Another common theme of hers is the college graduate. Sometimes this figure is offering grace or invoking revelation, other times it is the one in need of epiphany. Julian, in “Everything that Rises Must Converge”, and Hulga, in “Good Country People”, both come to a harsh realization that they are not above the uneducated, traditional folk that surround them. However, in “Revelation”, the college student, or “ugly girl” as Mrs. Turpin calls her, is the one who brings forth the main character’s epiphany. This girl is also very similar to O’Connor’s character Hulga. Not only is she uncannily reminiscent of Hulga’s sour disposition and unfortunate physical appearance, they share the irony of having uplifting names, Grace and Joy. And it is grace indeed that Mary Grace unintentionally gives Mrs. Turpin. Through her vicious attack, she opens the door to revelation and introduces a new perspective-on both herself and others.

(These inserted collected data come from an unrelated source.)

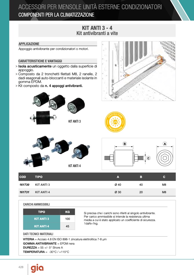 > Kit composto da n. 4 appoggi antivibranti.
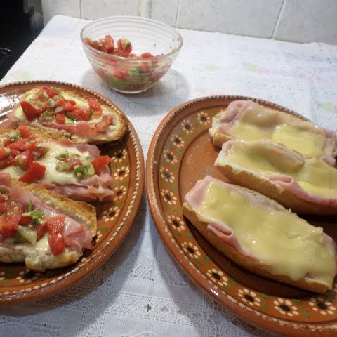 DOS MOLLETES CON QUESO MANCHEGO, NATURALES JAMON O CHORIZO
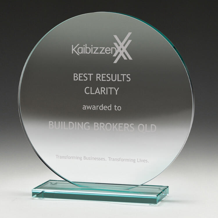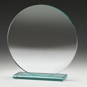 Glass trophies typically have a very slight green tinge, which can subtly affect the appearance of colour printing. In contrast, crystal trophies are completely clear.
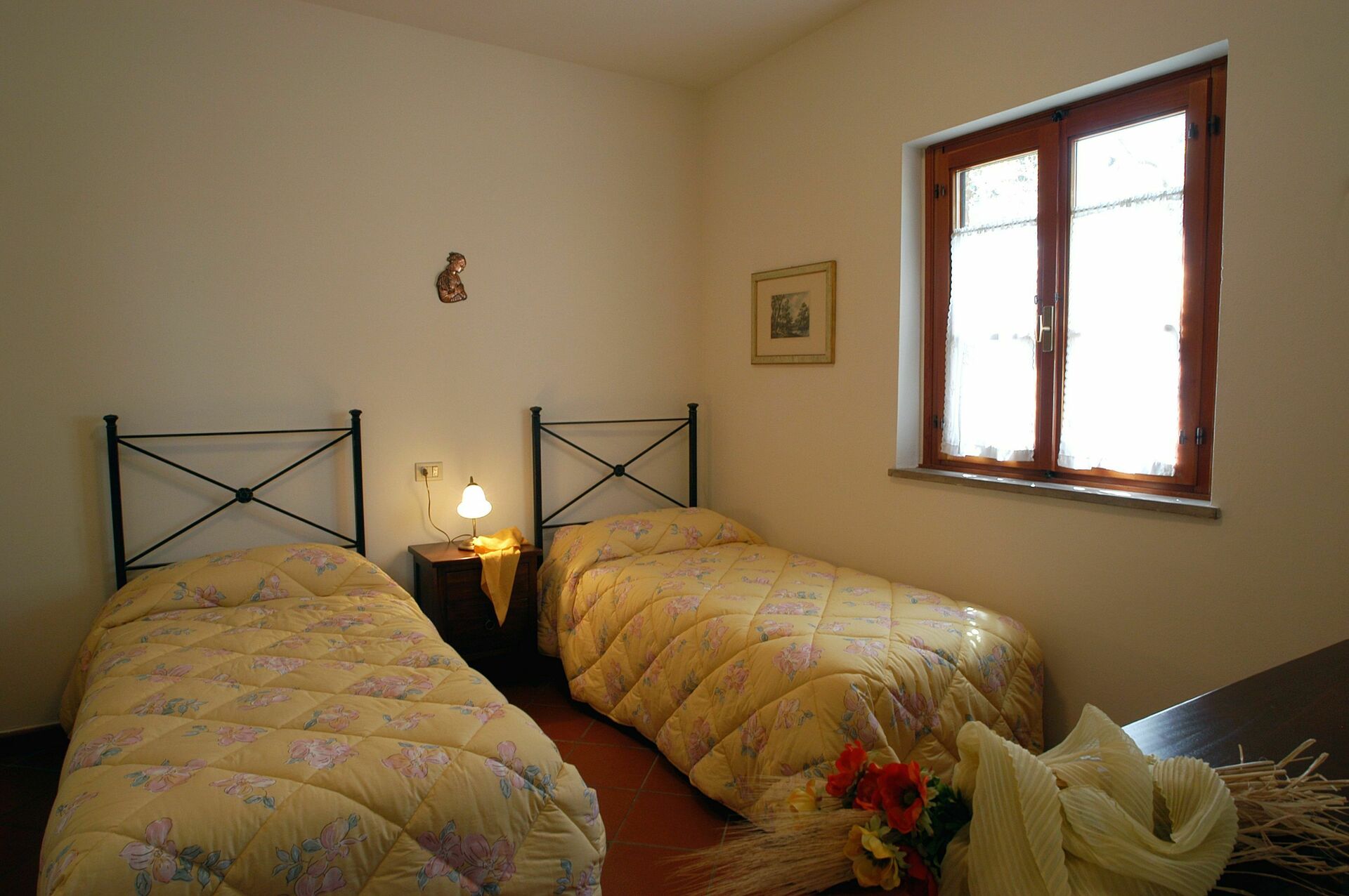 1.Stock: Doppelzimmer mit Ehebett , Zweibettzimmer, Bad mit Dusche.

I think that O’Connor is pointing towards a tropological epiphany in “Revelation”. If we step back and look at the story in it’s entirety, her biblical undertones and religious emphases are metaphorical for a broader moral truth-that racism, classism, and self-important judgment are not only contradictory to a Christian lifestyle, but hurtful and morally corrupt.

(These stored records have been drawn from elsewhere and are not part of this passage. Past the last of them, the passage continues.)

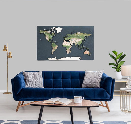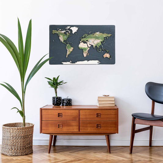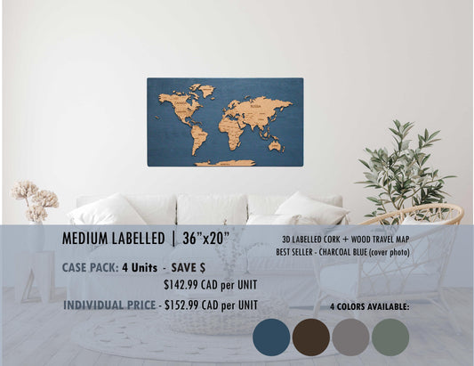 Cork & Wood 3D World Pin Map | 36 x 20 | Minimalist
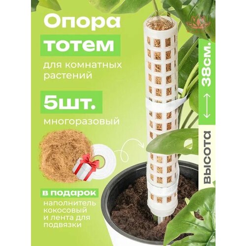Кокосовая опора для растений гибкая, Декоративная опора для вьющихся комнатных растений 60см, 1 шт
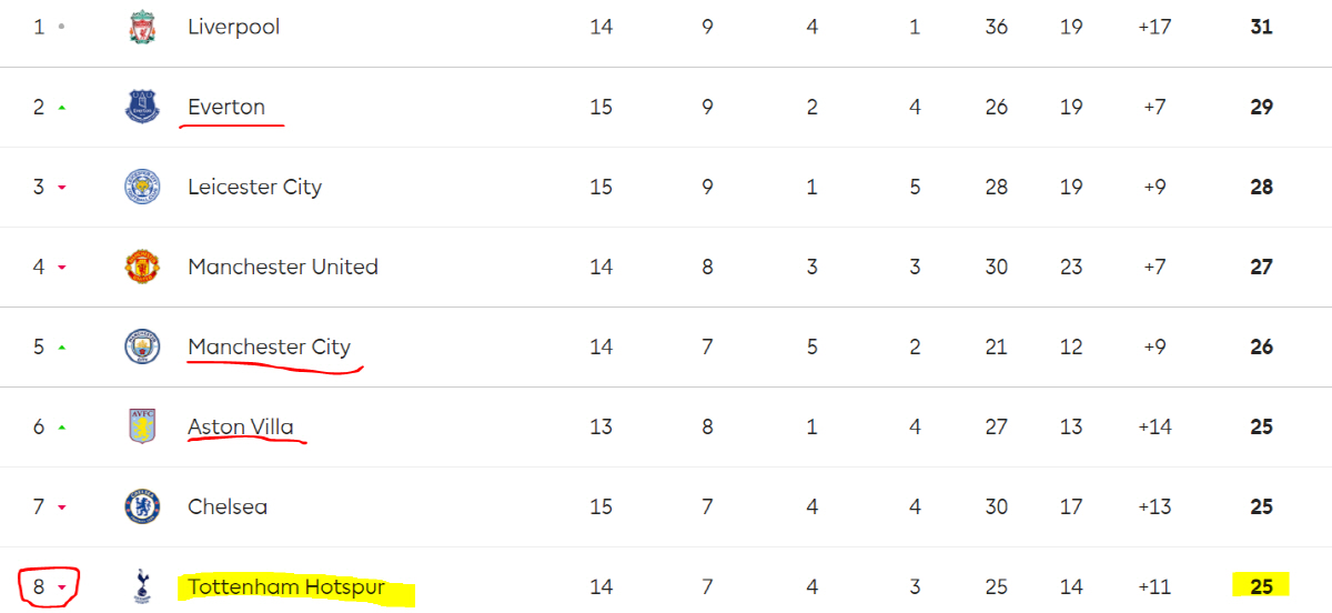밤 사이 에버턴이 셰필드 유나이티드 원정에서 시구르드손의 결승골로 1대0 승리하면서 승점 29점으로 2위로 도약했다. 바디를 앞세운 레스터시티는 맨유와 난타전 끝에 2대2로 비기면서 승점 28점으로 3위. 맨유는 승점 27점으로 4위다. 맨체스터시티도 홈에서 뉴캐슬을 2대0으로 잡으면서 승점 26점으로 5위로 뛰어올랐다. 수적 열세에도 애스턴빌라는 크리스탈팰리스를 3대0으로 대파하면서 6위로 약진했다. 아스널 원정에서 1대3으로 완패한 첼시는 승점 25점으로 7위. 경기가 없었던 토트넘은 8위까지 밀려왔다. 토트넘은 29일 새벽 4시15분(한국시각) 울버햄턴과 리그 원정 경기를 갖는다. 토트넘은 최근 리그 3경기서 1무2패로 부진했다. 그 결과, 이렇게 한참 밀려내려왔다. 따라서 이번 울버햄턴 원정이 매우 중요하다. 토트넘은 지난 2019~2020시즌 리그 6위로 마쳤다.

The revelation in “Parker’s Back” was not as easily recognizable-at least not for me. Like the slow-building epiphany Parker feels as a child upon seeing the tattooed man, the message O’Connor imparts in this story is one that gradually unfolds and has no clear, initial impact; it is an overall feeling that overtakes the reader, as opposed to a sudden epiphany.
It is reasonable to say this story is of an incarnational nature. “She is trying to embody the mystery of the incaranation in a tattoo on a man’s back” (Ragen14). Parker tries to fill a void in his life, a dissatisfaction he feels, by covering his body in tattoos. But this therapeutic act is somewhat selfish and vain: “He had no desire for one anywhere he could not readily see it himself” (225). However, I do not think O’Connor is completely dismissing the tattoos as an incarnation, but rather identifying Parker’s failure to understand what it is he is longing for, and an inability to grasp what it is the tattoos truly embody. Ragen states “He still touches His people’s lives through material signs…the sacramental theology of the church encourages the writer to see with an anagogical vision, since it finds in physical things signs for participation in the Divine life” (20). Read Ragen’s chapter “The Burning Bush and the Illustrated man” in A Wreck on the Road to Damascus: Innocence, Guilt and Conversion in Flannery Connor for an analysis of Parker as the grotesque embodiment of the incomplete man-an unfulfilled soul-and the tattoo as an incarnation/salvation.